Supplied material »
------------------------

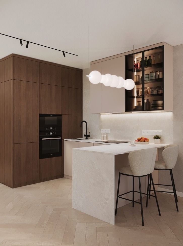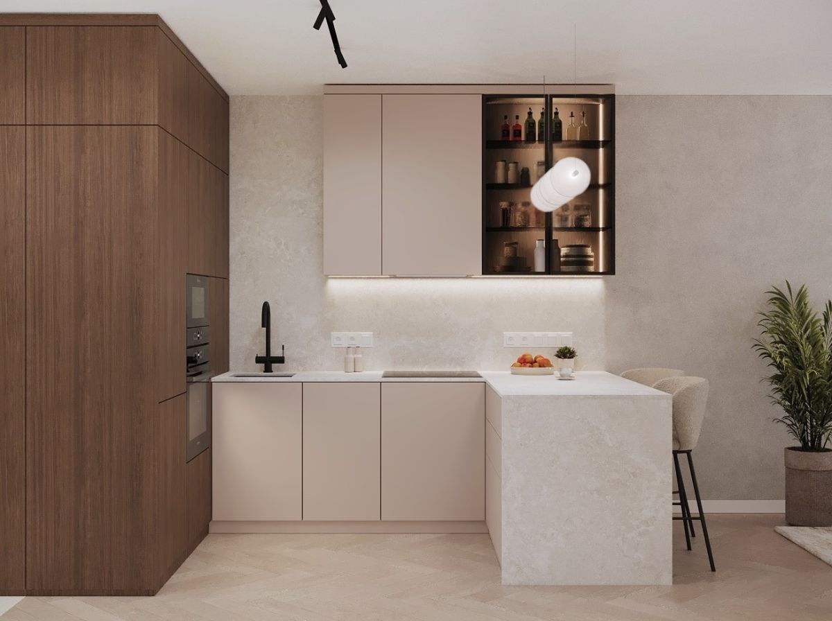- Stylową kuchnię w funkcjonalnej zabudowie, z wydzielonym miejscem na spożywanie posiłków
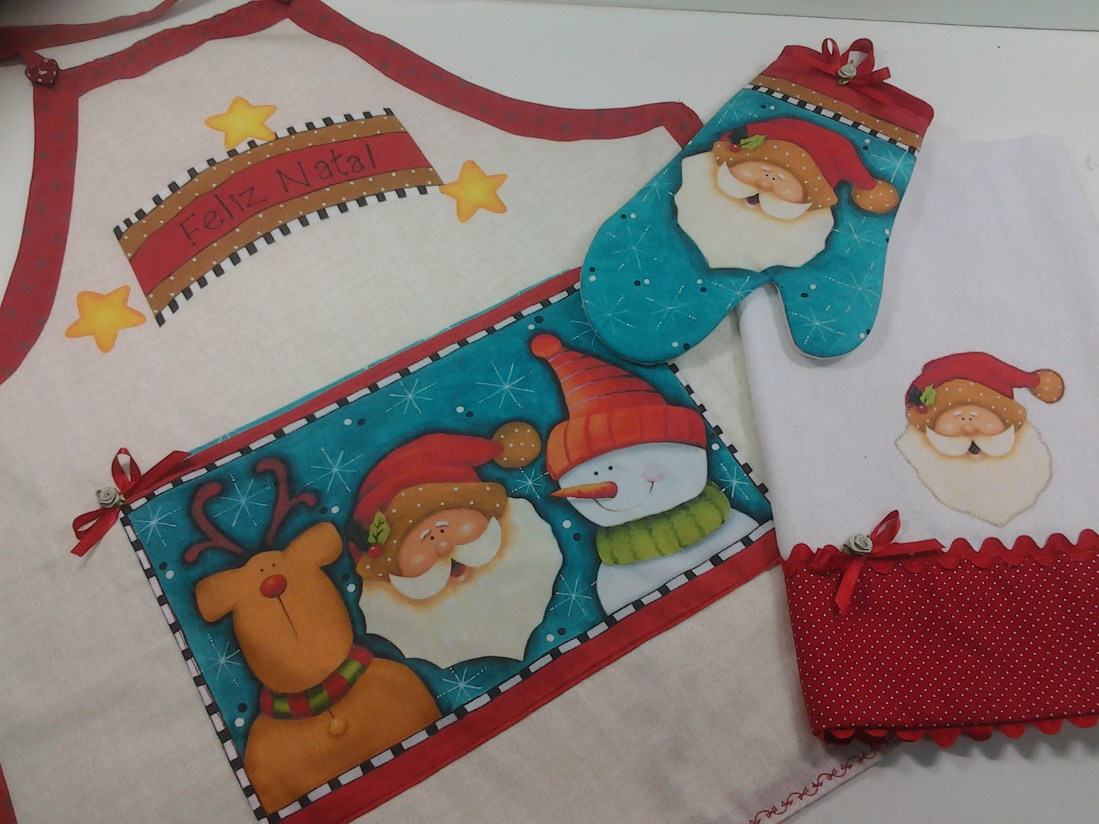 * Conjunto de avental, luva e pano de prato de Natal que fiz pra minha mãezinha usar na ceia de Natal ( ela amaaaa reunir a família e enfeitar a casa pro Natal ! )
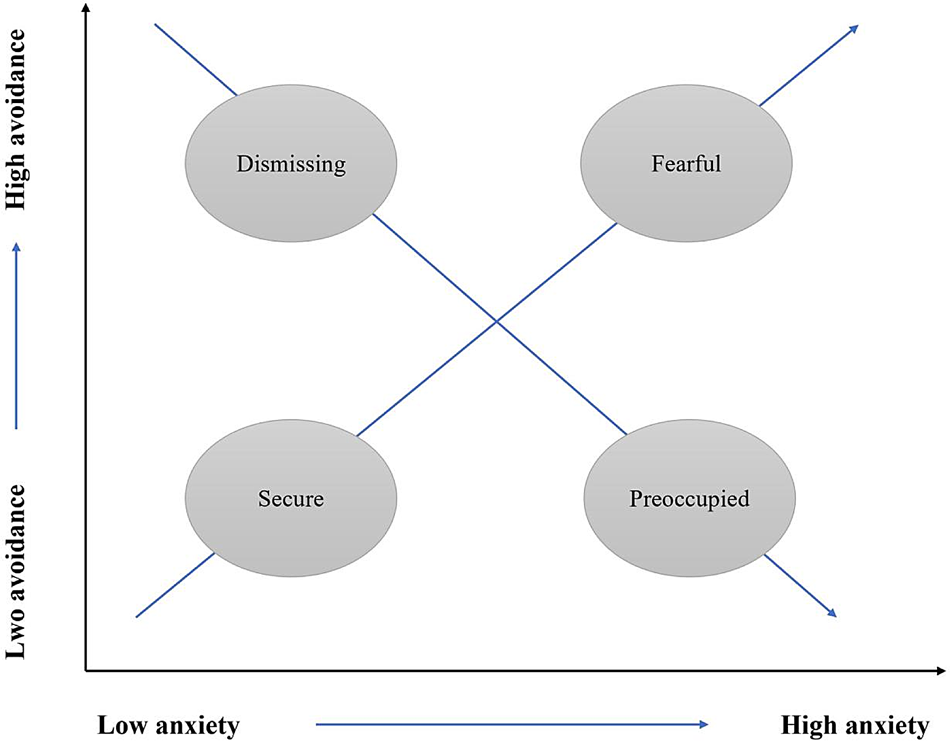 In terms of different attachment styles, Bartholomew and Horowitz’s (1991) four-category model has received considerable attention. More specifically, this model is based on the interplay between two attachment dimensions of anxiety and avoidance, with reference to the internal working models of self and others. High/low anxiety indicates negative or positive views of self, whereas high/low avoidance reflects negative or positive attitudes toward others. Therefore, this model yields four categories of attachment styles based on natural configurations of high/low anxiety and high/low avoidance: (a) secure (low anxiety and low avoidance), (b) preoccupied (high anxiety and low avoidance), (c) dismissing (low anxiety and high avoidance), and (d) fearful (also known as disorganized; high anxiety and high avoidance).

------------------------

Task goal » With every picture omitted, write out the material exactly from its first line through the line containing "pro Natal ! )".

Solution to this problem »
- Stylową kuchnię w funkcjonalnej zabudowie, z wydzielonym miejscem na spożywanie posiłków
 * Conjunto de avental, luva e pano de prato de Natal que fiz pra minha mãezinha usar na ceia de Natal ( ela amaaaa reunir a família e enfeitar a casa pro Natal ! )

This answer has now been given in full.